WHAT YOU HAVE TO DO — Repeat the span of the entries below that starts at the line with "Подведены итоги муниципального" and ends at the line with "в Ожерелье купить", nothing more. Skip the pictures.

PROVIDED DATA —
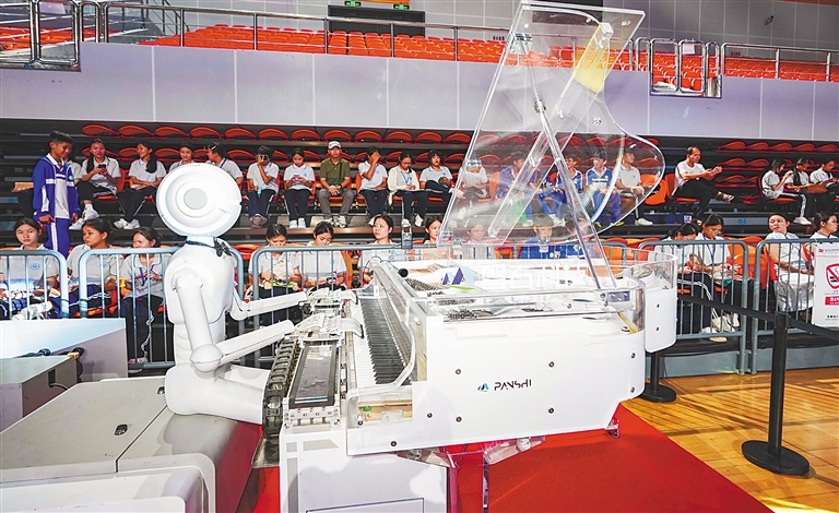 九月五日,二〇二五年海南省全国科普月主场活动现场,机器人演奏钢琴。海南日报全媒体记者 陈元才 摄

* * *

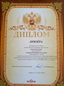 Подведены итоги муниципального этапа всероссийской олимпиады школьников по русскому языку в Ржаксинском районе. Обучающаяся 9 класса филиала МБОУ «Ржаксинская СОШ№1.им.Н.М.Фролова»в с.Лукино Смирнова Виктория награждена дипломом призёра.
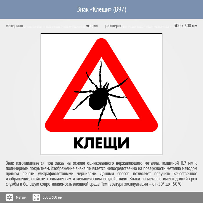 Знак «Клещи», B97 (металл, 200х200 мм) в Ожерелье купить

* * *

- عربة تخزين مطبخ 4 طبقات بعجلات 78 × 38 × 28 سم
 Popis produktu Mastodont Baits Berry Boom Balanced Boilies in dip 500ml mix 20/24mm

WRITTEN ANSWER —
 Подведены итоги муниципального этапа всероссийской олимпиады школьников по русскому языку в Ржаксинском районе. Обучающаяся 9 класса филиала МБОУ «Ржаксинская СОШ№1.им.Н.М.Фролова»в с.Лукино Смирнова Виктория награждена дипломом призёра.
 Знак «Клещи», B97 (металл, 200х200 мм) в Ожерелье купить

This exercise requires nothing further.